İçeriksiz Siyaset ve Korku Yaratma
Sağcı popülist siyasetçiler, ekonomik ya da sosyal sorunları çözmek yerine, halkın kaygılarına ve korkularına oynayarak kendi tabanlarını güçlendirmeye çalışıyorlar. Donald Trump’ın ABD’de sıkça başvurduğu taktiklerden biri, rakibi Kamala Harris’i küçümsemek, kadınlığı ve siyahi kimliği üzerinden saldırılarda bulunmaktı. Aynı retorik, Türkiye’de Cumhurbaşkanı Erdoğan’ın da muhalefet liderlerini hedef alırken kullandığı söylemlerle büyük benzerlik gösteriyor. Erdoğan, sıklıkla rakiplerini terör destekçiliğiyle suçlayarak kamuoyunda korku yaratmaya çalışıyor.

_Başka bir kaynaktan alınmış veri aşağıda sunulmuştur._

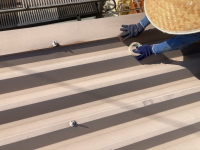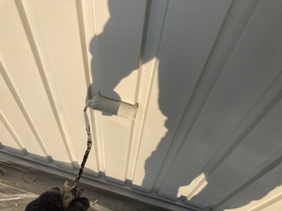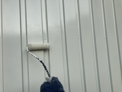 ローラー作業で折板屋根を屋根塗装で密着性を上げていきます!!
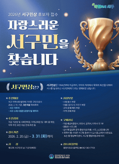 Èĺ¸ÀÚ Ãßõ ±âÇÑÀº 3¿ù31ÀϱîÁöÀ̸ç Ãßõ¼­, °øÀûÁ¶¼­ µî °ü·Ã ¼­·ù¸¦ ÁغñÇØ ¼­±¸Ã» ÇàÁ¤Áö¿ø°ú(062-360-7792)·Î Á¦ÃâÇÏ¸é µÈ´Ù. ½Ã»ó½ÄÀº ¡®Á¦32ȸ ¼­±¸¹ÎÀÇ ³¯¡¯ ±â³äÇà»ç¿¡¼­ ÁøÇàµÉ ¿¹Á¤ÀÌ´Ù.
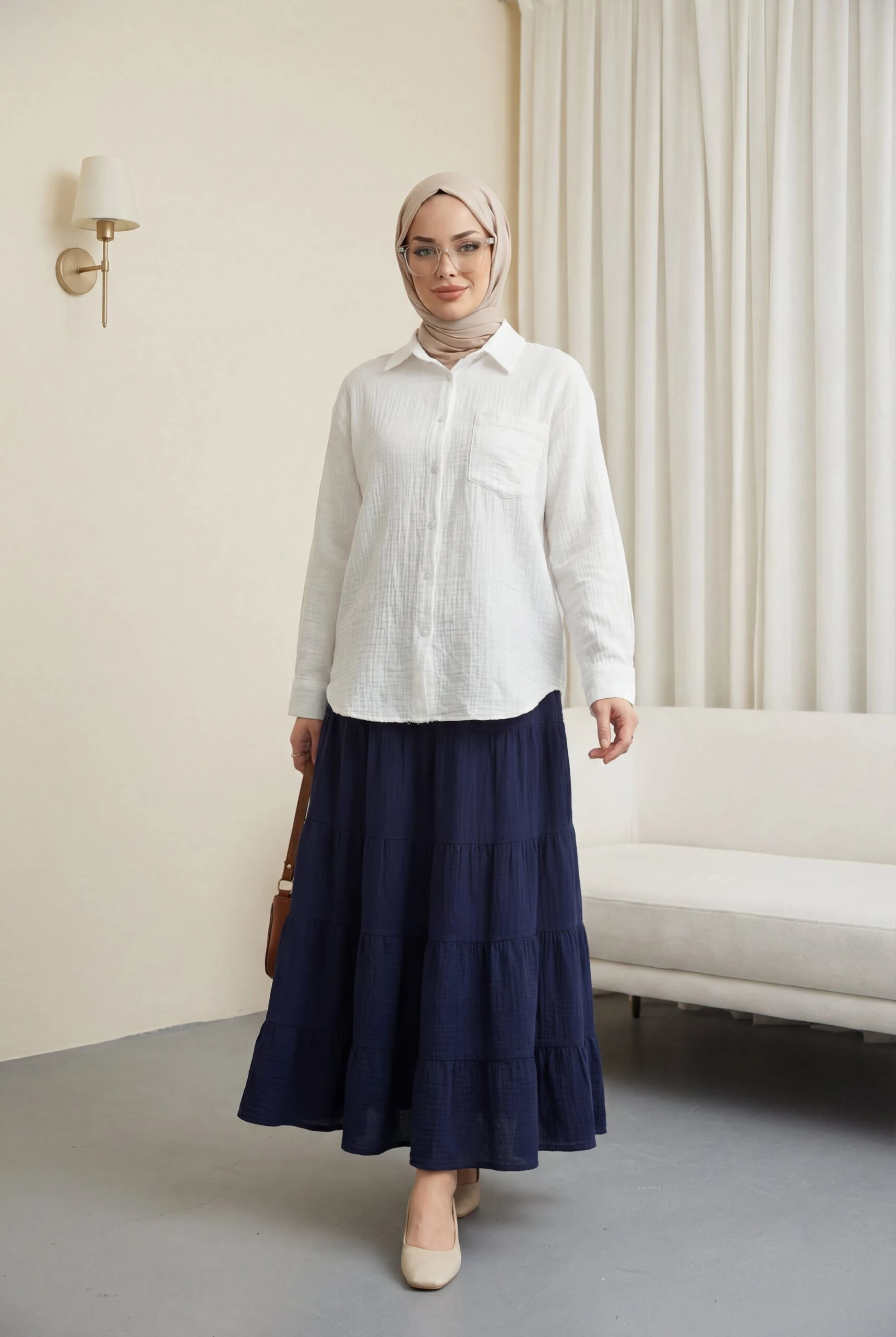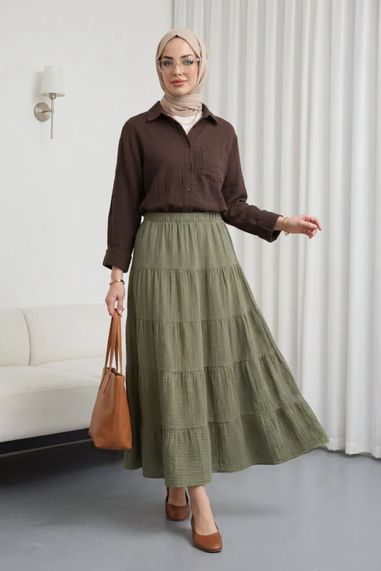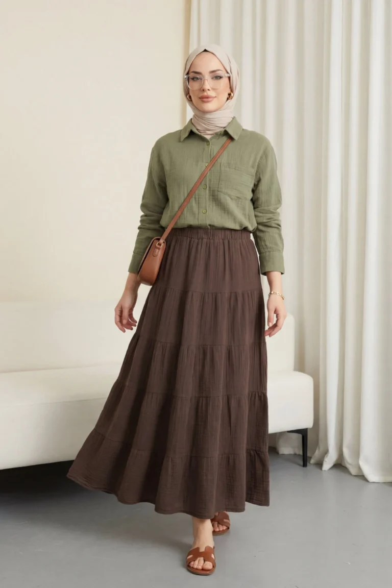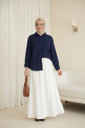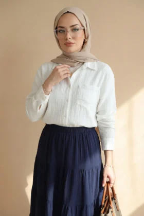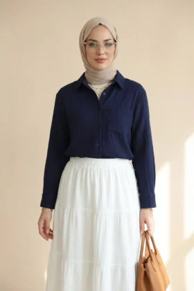 يحتضن الجسم بقصته المريحة دون أن يضغط، مما يمنح إحساساً بالراحة. يمكن تسميته بـ “قميص موسلين بجيب واحد”، “قميص موسلين بأزرار”، “نماذج قمصان نسائية مريحة”.

Özellikle Türkiye’deki ekonomik kriz karşısında Erdoğan’ın halka yönelik “sabır” istemesi, bu liderlerin halkın gerçek sorunlarıyla yüzleşmek yerine retorik kullanarak durumu geçiştirdiklerinin bir örneği. Bütçe açığını artıran yanlış politikaları görmezden gelerek EYT (Emeklilikte Yaşa Takılanlar) ve muhalefeti suçlayan açıklamaları, aslında iktidarda kalmaya yönelik bir strateji geliştirdiklerini gösteriyor. Bu tür söylemler, sorunlara çözüm sunmaktan çok, toplumdaki kutuplaşmayı derinleştiriyor.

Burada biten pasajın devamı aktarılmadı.